The security industry still suffers from some of the same gender disparities as the rest of the technology world. Women make up just 11 percent of information-security staff worldwide, according to the ISC2. In addition, of the 80 biggest publicly traded security companies worldwide, only one has a female CEO, according to data compiled by Bloomberg Rankings. Eva Chen, a University of Texas-educated MBA and master of management information systems, co-founded and worked in senior positions at Tokyo-based software maker Trend Micro Inc. for 16 years before becoming CEO in 2004.
Yet at the white hat level, there are now more women following the trajectory of Google’s Adkins. The 37-year-old got into security while working as a systems administrator in the late 1990s, when the first waves of mass Internet attacks forced her into online hacker forums to obtain information.
The forums were initially swamps of sexism where people would refuse to engage in technical discussions, Adkins said. She picked a neutral-sounding screen name to avoid being discriminated against.
“At the time, it was notoriously gender-biased and confrontational,” Adkins said.
Today, she sees more respect for women’s technical skills in security. While she still encounters biases — at conferences that she attends with her fiance, she said, some people assume she’s just the wife — such incidents have become less common.
“People have moved on and it’s more inclusive,” Adkins said.
Rad, the ThreatGrid manager, said since she entered the security field in 2008, she has had many opportunities. She was part of a team that showed in 2011 how hackers could open and close security doors, suppress alarms and manipulate video- surveillance feeds inside jails and prisons — without ever setting foot on the properties.

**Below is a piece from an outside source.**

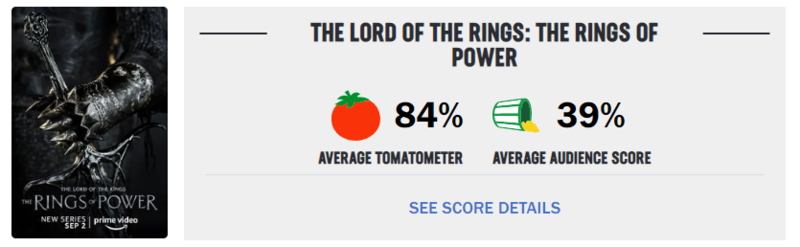 这反而引起了更大的反弹。当下的互联网,最不缺的就是点评网站。截至北京时间9月5日,在烂番茄上,《力量之戒》呈现明显的剧评人与普通观众的分歧,84%的剧评人认可该剧,但只有39%的普通观众认可该剧。

She also worked until this year for Russian antivirus- software maker Kaspersky Lab and until 2013 for Battelle Memorial Institute, an Ohio-based research organization where her job was finding ways to hack into automobiles.
Prejudice still appears toward women white hats in small ways, she said. While waiting in line to get her speaker’s badge at a conference several years ago, Rad said, she was told to go to the press line by someone who assumed she was in the wrong place.
Still, she sees more women getting into the field. For the past decade, Rad has taught a class at the University of Southern Maine on information-security law and ethics. During the first two years, there were no women students.
Now, almost half of the class is female.